Easy to wrap, happy to get, why not look for these great books while out shopping for the holidays?
The preschooler who loves polar bears will love getting “A Bear Far from Home” by Susan Fletcher and Rebecca Green. It’s based on the true story of a gift from Norway to England, and the meaning of home. Wrap it up with “The Worst Teddy Ever” by Marcelo Verdad. It’s the story of another kind of bear and its love of a little girl.
If you’ve got a young environmentalist on your list, “A Planet Like Ours” by Frank Murphy and Charnaie Gordon, illustrated by Kayla Harren could be a great gift. It’s a sweet, uncomplicated reminder to love the Earth we have.
A book like “Black Boy, Black Boy, Celebrate the Power of YOU” by Ali Kamanda and Jorge Redmond, pictures by Ken Daley is a welcome gift. It’s an inspirational book full of all the good that Black men do, and that a young boy can hope for.
The child who’s having a rough holiday may want to have “There Was a Hole” by Adam Lehrhaupt, illustrated by Carrie O’Neill read to them. It’s the story of a little girl who’s missing something, and she thinks she’s the only one. It’s a tale of loss and coping, and it’s pretty sweet.
Pair it up with “Everything Will Be Okay” by Anna Dewdney, pictures by Judy Schachner, a comforting book for when nothing goes right.
For the kid who needs a boost of confidence, “Most Perfect You” by Jazmyn Simon, illustrated by Tamisha Anthony is a good choice. Irie hates her hair, and she wishes it were different. Her mother’s answer is perfect.
For the littlest reader (think: someone who entered the world this year), “Hello, Baby! I’m Your Mom” by Eve Bunting, illustrated by Jui Ishida is the sweetest, gentlest, most perfect gift. Hint: it’s really for mom… Pair it with “My Hero” by Brian Biggs, which is really a good book for dads and kids.
Youngsters who love the water will love opening “Monsters in the Briny” by Lnn Becker, illustrated by Scott Brundage. It’s a book about the monsters that live in the sea, and it’s a great introduction to mythology and cryptozoology. Wrap it up with “Too Many Pigs in the Pool” by Wendy Hinote Lanier, illustrated by Iris Amaya. Yep, it’s a pigsty in there.
Children six to nine
Seriously, who doesn’t like pizza? You know your young giftee does, and they’ll also like “Pizza! A Slice of History” by Greg Pizzoli. It’s a cute, colorfully illustrated, fun book on everybody’s favorite food. Pair it with a gift certificate to… you know where…
For the kid who loves monsters, “Mythical Beasts” by Stephanie Warren Drimmer could be the right gift to give. It’s full of information about real animals that were somehow mythologized throughout history. Facts, monsters, and it comes from the National Geographic Kids folks… what’s not to love?

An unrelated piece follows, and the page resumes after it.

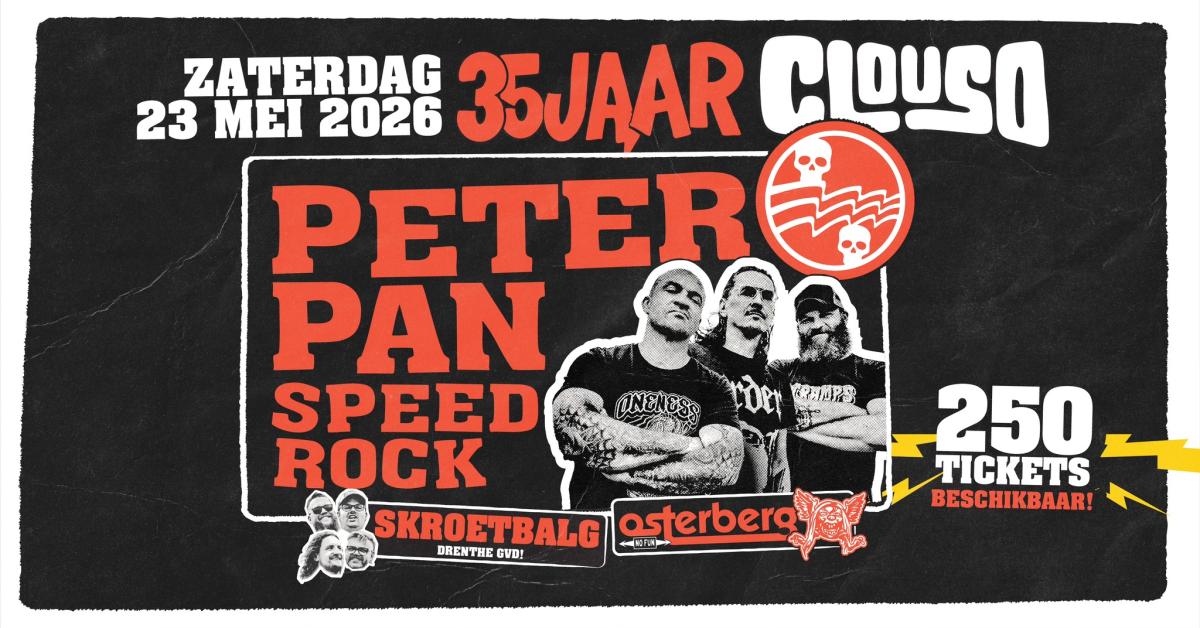 Clouso bestaat in 2026 vijfendertig jaar en dat vieren we met een show van jewelste! Samen met Skroetbalg en Osterberg komt PETER PAN SPEEDROCK de tent vakkundig afbreken!
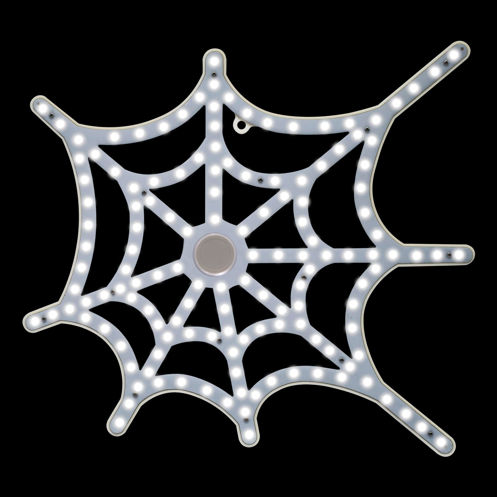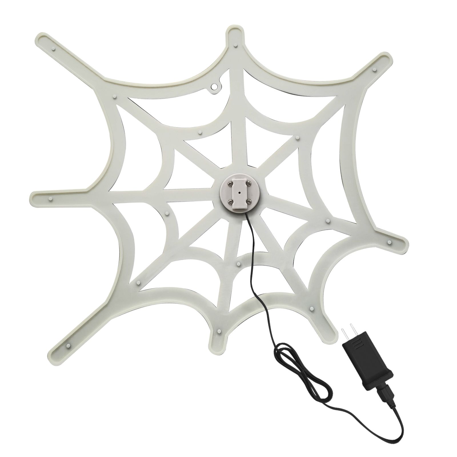 16" hi-vibrant spider web - 142 micro hi-intensity led lights - twinkling pure white - continuous on technology - 35.63" total height with included yard stake - suction cup included for window application - 6' lead wire. One year warranty.

If there’s a child on your list who loves legends, then “The Return of the Christmas Witch” by Dan Murphy & Aubrey Plaza, illustrations by Julia Iredale is the book to wrap. It’s the story of Kristtorn, who was Santa’s twin sister, a battle, a mystery, and a bit of Christmas darkness. (No worries. Happy Endings abound).
For the kid who’s suddenly become a big brother or sister, “The Baby-Changing Station” by Rhett Miller, illustrated by Dan Santat is absolutely the gift to give. It’s the tale of a boy who isn’t happy that there’s a baby brother in the house, until he discovers a machine that changes the baby, but not in diaperish ways…
Children nine to 14
The young environmentalist on your list will be so happy unwrapping “Meltdown: Discover Earth’s Irreplaceable Glaciers and Learn What You Can Do To Save Them” by Anita Sanchez, illustrated by Lily Padula. It’s full of ideas, information, pictures, and graphs, as well as a sense that kids really can save the world.
Wrap it up with “Dinosaur Atlas” from the National Geographic Kids folks. This large-size book is all about dinos and were they lived. Your young scientist will love it.
Now for the housekeeping: like everything else in the world, books can change. Titles may vary, covers may vary, you might be able to find some of these books in paperback versions, so be aware when you’re making out your book-lovers gift list. If you have any questions or need other suggestions, please do lean on your favorite librarian or bookseller. Seriously, they are like your favorite comic book superheroes, only better, because they know books.